North Korean leader Kim Jong-il told a Chinese envoy that while Pyongyang has no immediate plans to carry out another nuclear test, future tests will hinge on US policy toward the country, a news report said yesterday.
Kim made the remarks to Tang Jiaxuan (
Kim told Tang that while there is no plan to hold a second nuclear test for the moment, North Korea would have to respond if the US continues to pressure the country, according to Kyodo.
Officials at China's Foreign Ministry in Beijing had no immediate comment.
Kim also said he thinks the US is trying to crush North Korea with its hostile policy, and complained about US financial sanctions, which have been in place since September last year, Kyodo said.
Kim reiterated that the financial sanctions were an obstacle to six-way talks on the North's nuclear program and Pyongyang could return to the talks -- stalled since last November -- if the US lifts the sanctions, according to the report.
US Assistant Secretary of State Christopher Hill, meanwhile, went to Hong Kong for talks on frozen North Korean bank accounts in Macau, according to a spokesman for the US Consulate General.
Washington banned transactions between Macau-based Banco Delta Asia and US financial institutions in September last year, characterizing the bank as a "willing pawn for the North Korean government."
It also alleged that the bank's clients were involved in smuggling and counterfeiting.
North Korea has denied the allegations and has made the lifting of the freeze a precondition for its return to the talks. Washington has said the financial restrictions are unrelated to the nuclear talks.
Hill came to Hong Kong after accompanying US Secretary of State Condoleezza Rice to Tokyo, Seoul and Beijing to rally support for a UN Security Council resolution imposing sanctions against the North for the nuclear test.
Rice cast doubt on reports that Pyongyang promised not to conduct more nuclear tests saying the Chinese hadn't told her any such thing when she was in Beijing.

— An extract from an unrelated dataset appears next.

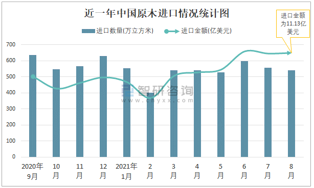 2021年8月中國原木進口數量和進口金額分別為540萬立方米和11.13億美元

"Councilor Tang did not tell me that Kim Jong-il either apologized for the test or said that he would never test again," Rice, who had met with Tang in Beijing, said during a visit to Moscow on Saturday.
Kyodo said in an earlier report yesterday that the Chinese government told countries involved in the six-way talks that based on Kim's comments to Tang, Beijing concluded that North Korea, at this point, has no intention of going ahead with a second nuclear test.
Beijing had briefed Tokyo about Tang's meeting, Kyodo said.